AIM OF THE TASK — What should be copied is the stretch of entries below from the line with "Danach fuhr Conny" up to and including the line with "RANNÍ NAPROSTO EXKLUZIVNÍ", exactly and without images.

___

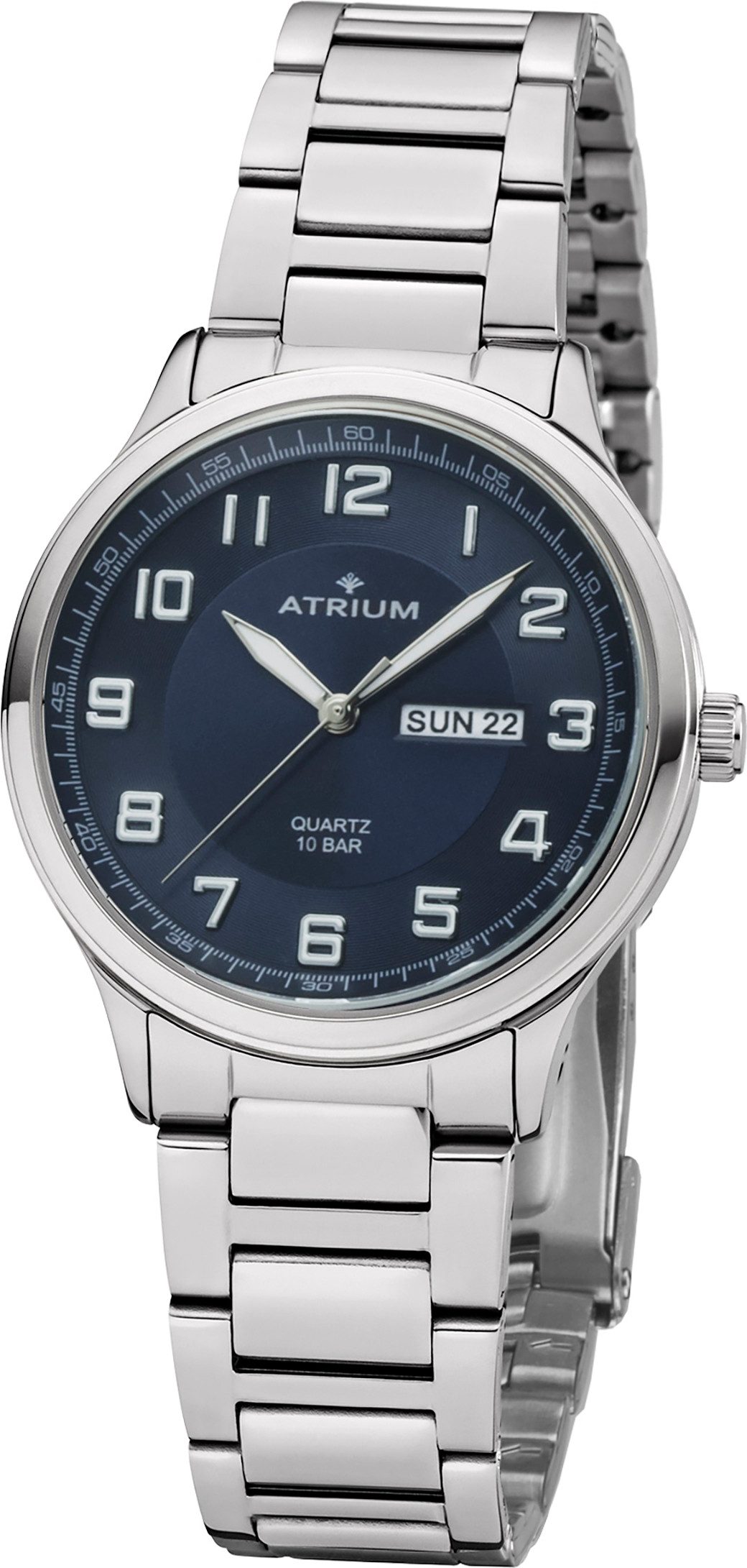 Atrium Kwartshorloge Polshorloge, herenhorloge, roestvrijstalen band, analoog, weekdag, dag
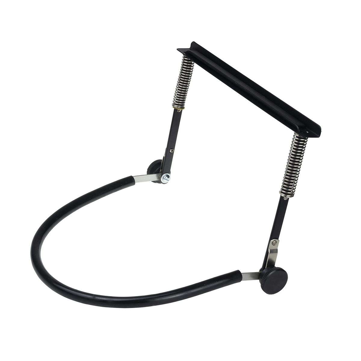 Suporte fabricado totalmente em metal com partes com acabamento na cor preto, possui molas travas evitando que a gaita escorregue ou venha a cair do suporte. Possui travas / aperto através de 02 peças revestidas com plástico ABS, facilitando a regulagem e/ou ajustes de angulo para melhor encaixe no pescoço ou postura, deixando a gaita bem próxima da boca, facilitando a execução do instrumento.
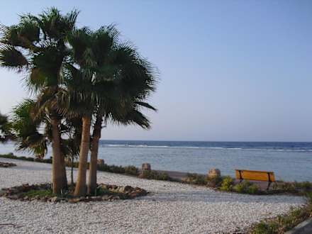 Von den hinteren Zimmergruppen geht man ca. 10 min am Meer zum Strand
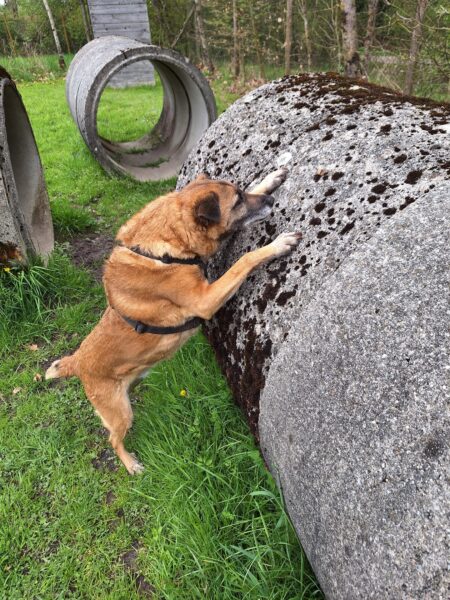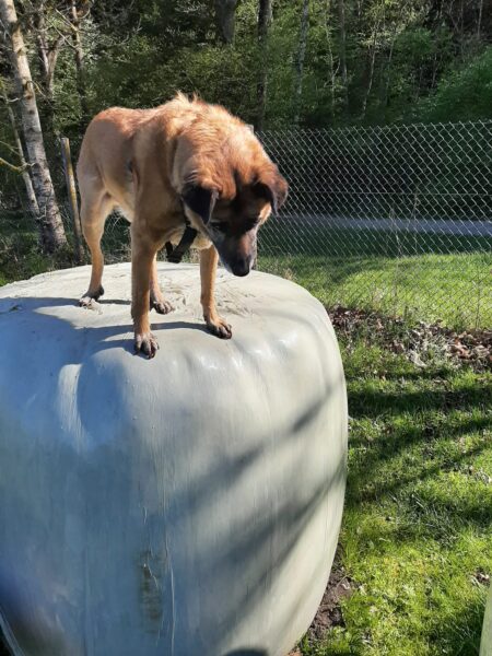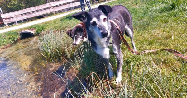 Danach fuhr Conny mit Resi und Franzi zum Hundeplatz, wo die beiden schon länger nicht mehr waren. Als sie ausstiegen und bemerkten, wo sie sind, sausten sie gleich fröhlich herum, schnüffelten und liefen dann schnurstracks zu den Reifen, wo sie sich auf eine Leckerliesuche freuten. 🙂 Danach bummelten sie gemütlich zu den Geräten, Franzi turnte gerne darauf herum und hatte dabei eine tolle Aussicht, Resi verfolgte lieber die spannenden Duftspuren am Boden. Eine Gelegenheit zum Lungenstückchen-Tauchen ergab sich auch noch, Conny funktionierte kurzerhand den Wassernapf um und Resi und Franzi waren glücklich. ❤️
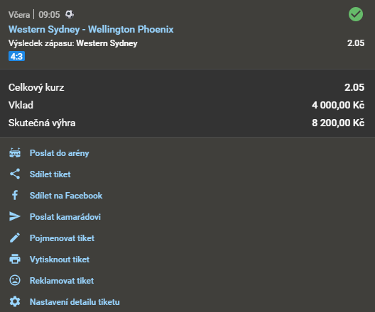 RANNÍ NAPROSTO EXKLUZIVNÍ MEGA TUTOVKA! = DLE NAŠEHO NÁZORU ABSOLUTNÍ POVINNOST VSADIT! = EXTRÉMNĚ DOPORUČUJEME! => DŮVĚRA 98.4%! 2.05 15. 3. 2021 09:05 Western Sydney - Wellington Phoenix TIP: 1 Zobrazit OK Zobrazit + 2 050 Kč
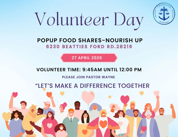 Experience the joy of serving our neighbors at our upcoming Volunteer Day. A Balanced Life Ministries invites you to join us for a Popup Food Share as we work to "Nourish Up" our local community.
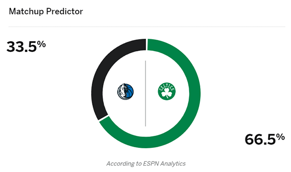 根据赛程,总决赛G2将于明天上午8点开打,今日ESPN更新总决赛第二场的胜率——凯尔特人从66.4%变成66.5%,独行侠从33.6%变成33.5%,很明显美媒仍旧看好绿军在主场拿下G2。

___

RESULT —
 Danach fuhr Conny mit Resi und Franzi zum Hundeplatz, wo die beiden schon länger nicht mehr waren. Als sie ausstiegen und bemerkten, wo sie sind, sausten sie gleich fröhlich herum, schnüffelten und liefen dann schnurstracks zu den Reifen, wo sie sich auf eine Leckerliesuche freuten. 🙂 Danach bummelten sie gemütlich zu den Geräten, Franzi turnte gerne darauf herum und hatte dabei eine tolle Aussicht, Resi verfolgte lieber die spannenden Duftspuren am Boden. Eine Gelegenheit zum Lungenstückchen-Tauchen ergab sich auch noch, Conny funktionierte kurzerhand den Wassernapf um und Resi und Franzi waren glücklich. ❤️
 RANNÍ NAPROSTO EXKLUZIVNÍ MEGA TUTOVKA! = DLE NAŠEHO NÁZORU ABSOLUTNÍ POVINNOST VSADIT! = EXTRÉMNĚ DOPORUČUJEME! => DŮVĚRA 98.4%! 2.05 15. 3. 2021 09:05 Western Sydney - Wellington Phoenix TIP: 1 Zobrazit OK Zobrazit + 2 050 Kč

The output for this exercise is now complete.